Витя вздохнул и ничего не ответил. Несколько секунд оба молчали.
– В вашем рассказе Америка предстаёт весьма своеобразно, – заметил новый знакомый после паузы, – Если я вас верно понимаю, то идея в России состоит в том, чтобы быть не хуже другого. И что этот другой – он не хуже тебя. Что он такой же, как и ты, а значит, вы оба равно имеете право на достойную жизнь. И право на жизнь вообще…
– Ну да, – сказал Витя.
– А идея Америки, по вашим словам, состоит в том, чтобы быть лучше другого. И что этот другой должен стать хуже тебя. И что чем больше других станут хуже тебя, тем более достойную жизнь ты сможешь себе обеспечить. Даже если ради этого тебе придётся отказать другому в его праве на достойную жизнь: или на жизнь вообще…

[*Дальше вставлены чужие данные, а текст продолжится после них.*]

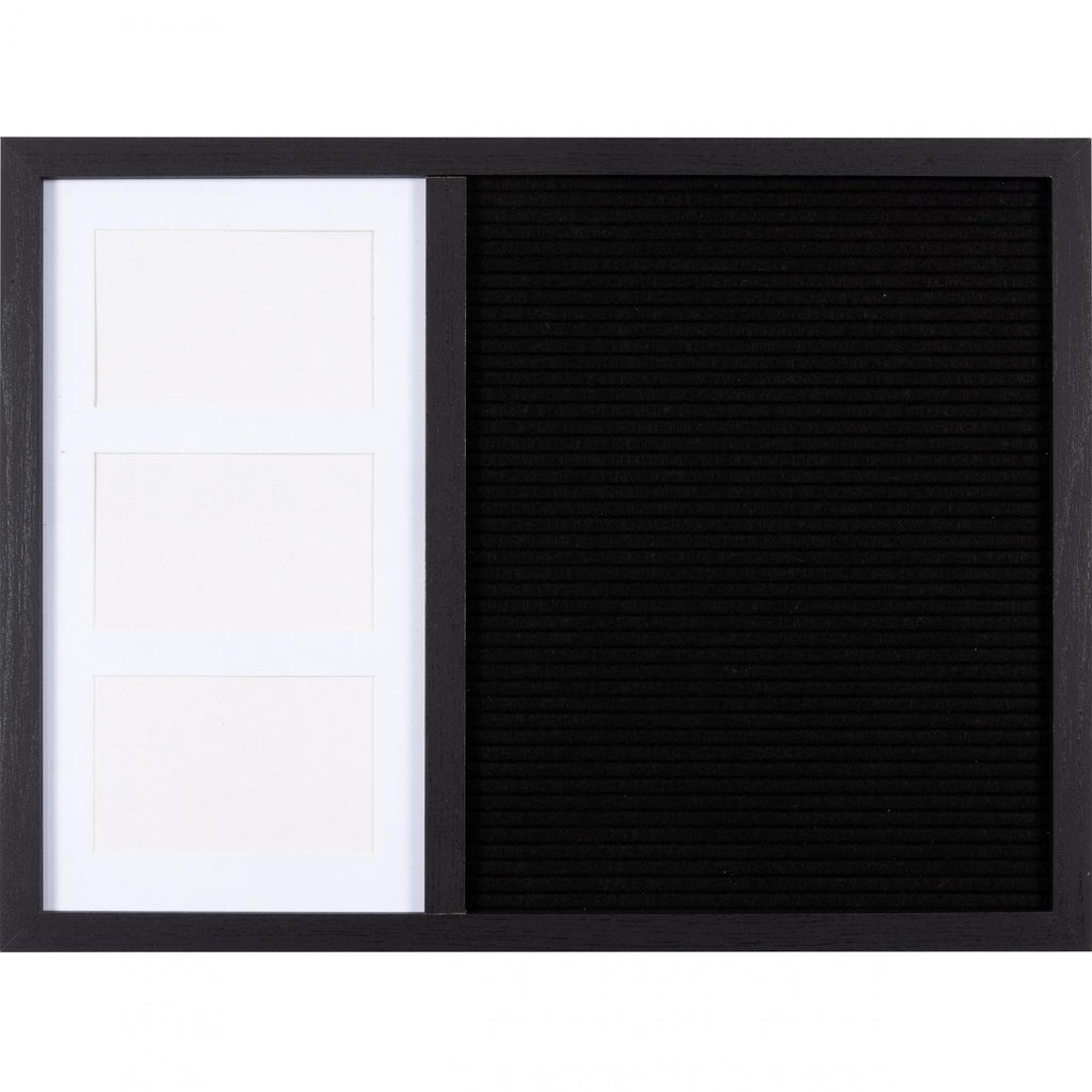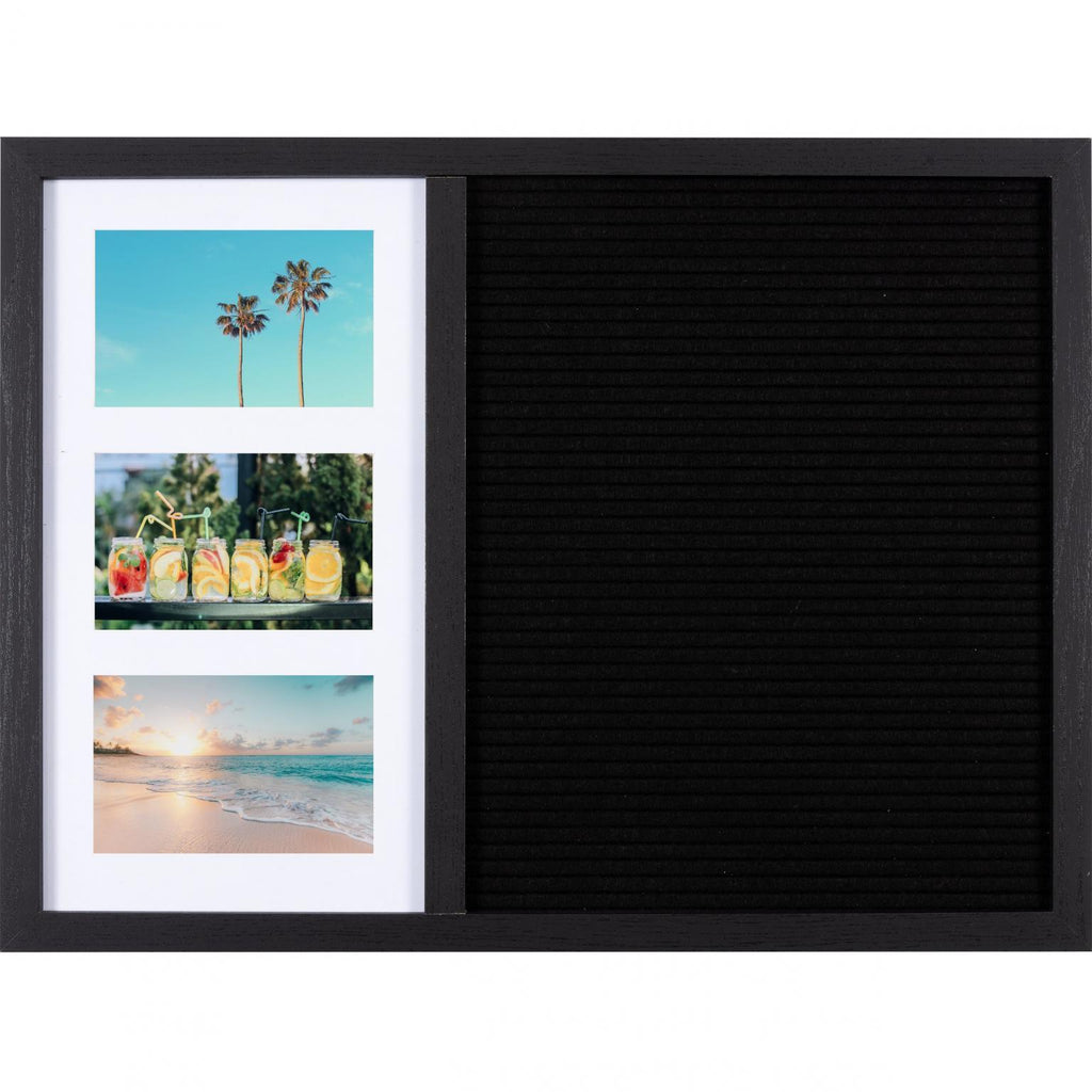Met dit Henzo letterbord met 3 foto’s zwart kunnen berichten eenvoudig en snel worden gedeeld. Behalve het bord zelf worden daartoe letters en andere hulpmiddelen geleverd die op het bord geprikt kunnen worden. Zelf schrijven knippen en plakken is daarmee verleden tijd. Op dit bord kunnen verder 3 foto’s in de meegeleverde passe-partouts worden geplaatst. Letters emoticons en diverse fotohoeken zorgen ervoor dat elke boodschap kan worden weergegeven. Het bord is van hout heeft een afmeting van 42 bij 55 centimeter en kan staand of hangend worden gebruikt. Hierdoor kunnen de 3 extra foto’s worden geplaatst in landschaps- of portretvorm. Het letterbordgedeelte neemt circa tweederde van de oppervlakte in beslag.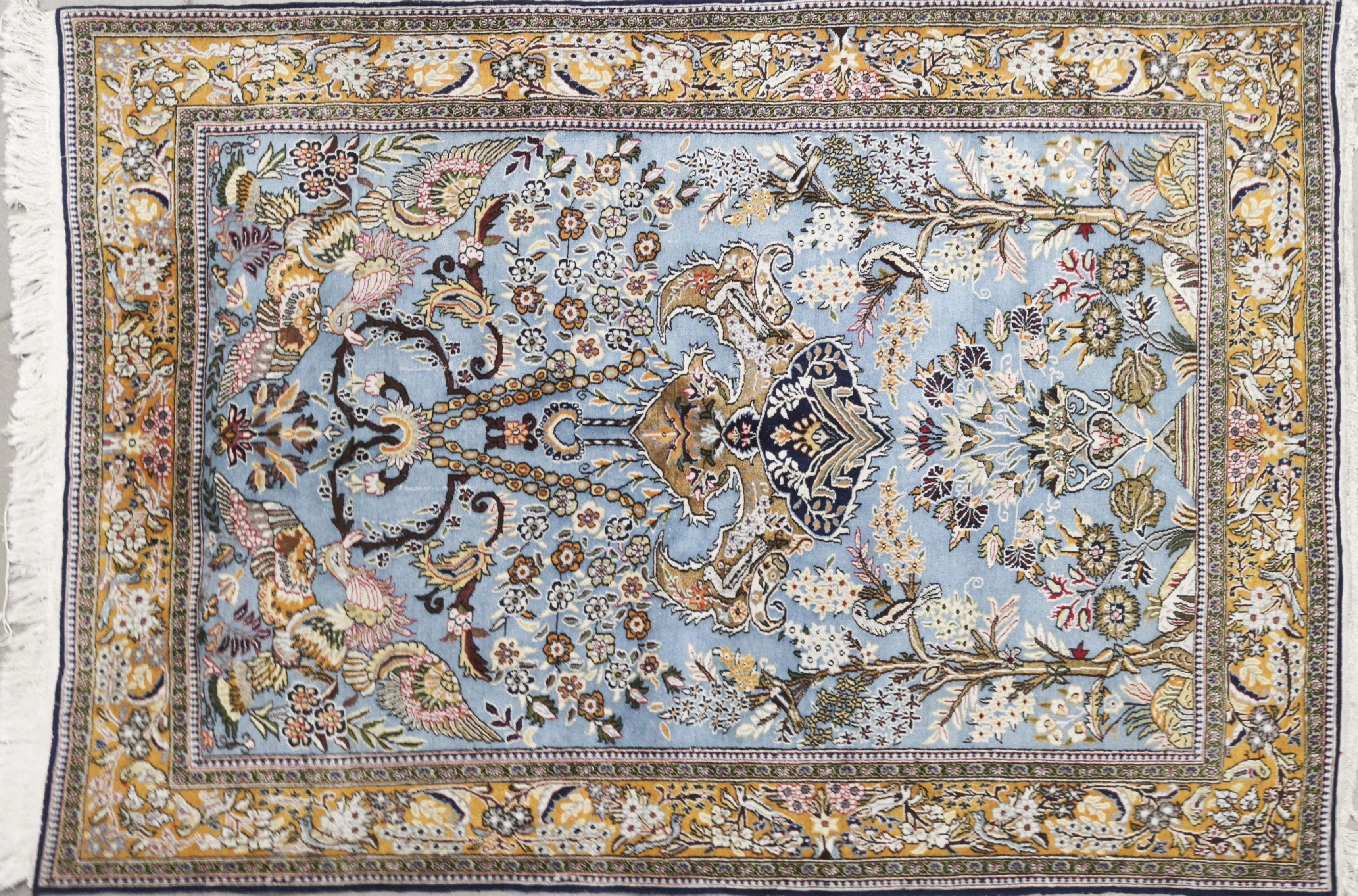 Laine et soie à décor de motifs floraux et arbres sur fond bleu, 140x200 cm

– «В яблочко», – кивнул Витя.
Сид погрузился в продолжительную тяжёлую задумчивость. Витя терпеливо ждал, подвернув под себя ногу.
Наконец Сид поднял на него глаза.
– Но ведь эта идея – она гибельна, – произнёс он, – Представьте себе, что каждый человек начал рассматривать окружающих не как своих товарищей в совместном построении общей жизни, а как своих непосредственных конкурентов за построение частной?.. В такой конкуренции всегда будет побеждать тот, у кого меньше внутренних ограничений. Тот, кто в наибольшей степени зверь, животное… Вы знаете притчу о трёх крысах?..
– Нет, – ответил Витя.
Сид неторопливо провёл рукою по длинным чёрным волосам.

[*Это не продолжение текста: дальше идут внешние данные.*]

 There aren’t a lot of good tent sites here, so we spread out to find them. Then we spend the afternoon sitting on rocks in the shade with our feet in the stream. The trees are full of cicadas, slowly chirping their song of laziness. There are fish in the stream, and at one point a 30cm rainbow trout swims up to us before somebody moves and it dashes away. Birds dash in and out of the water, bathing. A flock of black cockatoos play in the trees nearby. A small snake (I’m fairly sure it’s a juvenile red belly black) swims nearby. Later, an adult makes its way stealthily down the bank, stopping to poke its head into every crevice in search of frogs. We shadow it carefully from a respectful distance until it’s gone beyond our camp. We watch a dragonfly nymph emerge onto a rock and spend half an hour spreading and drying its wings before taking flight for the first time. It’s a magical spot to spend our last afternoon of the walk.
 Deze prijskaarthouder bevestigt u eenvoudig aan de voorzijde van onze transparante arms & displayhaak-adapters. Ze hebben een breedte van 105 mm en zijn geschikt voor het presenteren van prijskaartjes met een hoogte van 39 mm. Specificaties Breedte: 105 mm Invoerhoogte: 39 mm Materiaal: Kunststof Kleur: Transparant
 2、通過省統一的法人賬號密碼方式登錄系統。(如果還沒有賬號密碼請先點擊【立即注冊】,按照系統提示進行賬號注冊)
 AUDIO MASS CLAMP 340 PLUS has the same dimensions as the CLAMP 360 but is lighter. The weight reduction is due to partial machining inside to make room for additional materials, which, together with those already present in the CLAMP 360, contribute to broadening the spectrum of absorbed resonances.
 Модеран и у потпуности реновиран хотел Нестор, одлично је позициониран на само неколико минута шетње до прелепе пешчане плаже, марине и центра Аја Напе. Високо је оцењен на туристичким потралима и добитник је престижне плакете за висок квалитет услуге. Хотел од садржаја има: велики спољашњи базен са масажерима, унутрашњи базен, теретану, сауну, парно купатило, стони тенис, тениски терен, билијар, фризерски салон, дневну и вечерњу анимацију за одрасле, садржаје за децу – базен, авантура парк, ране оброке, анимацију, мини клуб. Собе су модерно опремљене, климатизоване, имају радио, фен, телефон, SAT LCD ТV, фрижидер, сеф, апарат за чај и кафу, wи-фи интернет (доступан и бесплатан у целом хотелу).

– Когда три крысы встречаются в борьбе за корм, – сказал он, – То самая жестокая крыса убивает одну и подчиняет другую. Затем эта крыса идёт дальше, и встречает на своём пути двух других: каждая из которых, в свою очередь, перед этим тоже убила одного конкурента и подчинила другого… Теперь уже из этих трёх крыс одна погибает, другая подчиняется, а победившая идёт дальше. Когда она…
– Я понял, – сказал Витя, – Можете не продолжать. Одна тридцать вторая финала, одна шестнадцатая финала, одна восьмая финала… Только какая же это притча? Это научный эксперимент. И не с тремя крысами, а с шестью… А так он весьма известен, его зоопсихологи много раз ставили. И да, результат неизменен: слабейших убивают, остальных подчиняют, победитель идёт дальше…
– Эксперимент? Зоопсихологи? Наука? – переспросил собеседник, – Хм… Вполне возможно. Знаете, ваша наука сейчас практическим путём постепенно доходит до всего того, до чего мы дошли в своё время путём медитации и умственного созерцания… Скажем, до постижения принципов устройства мира…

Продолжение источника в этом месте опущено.